- Required action
Only the lines from the line with "Charging made simple" through the end of the records belong in your reply, copied exactly, with every picture left out.

:: Dataset content

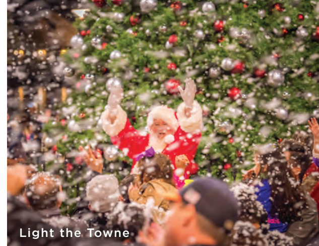
Light the Towne
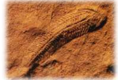
University of Adelaide
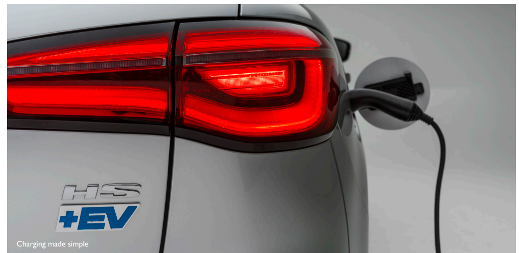
Charging made simple
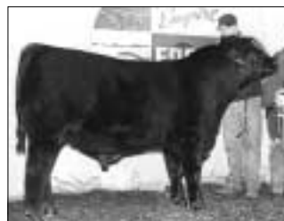
► Grand champion bull, Chestnut Famous 16 , by Chestnut Angus Farm, Pipestone, Minn. He's a Feb. 2001 son of Famous 7001.
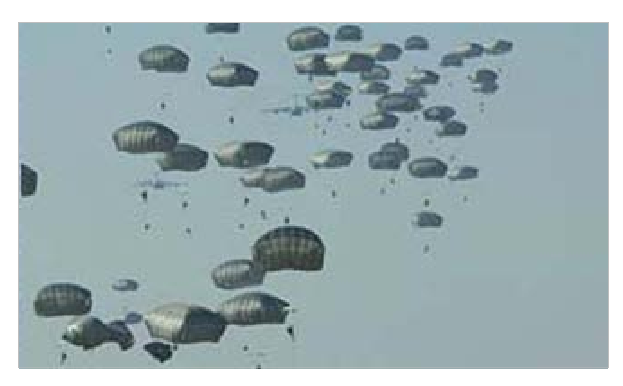
T-11 Mass Tactical airborne jump

::::

- Output of the exercise
Charging made simple
► Grand champion bull, Chestnut Famous 16 , by Chestnut Angus Farm, Pipestone, Minn. He's a Feb. 2001 son of Famous 7001.
T-11 Mass Tactical airborne jump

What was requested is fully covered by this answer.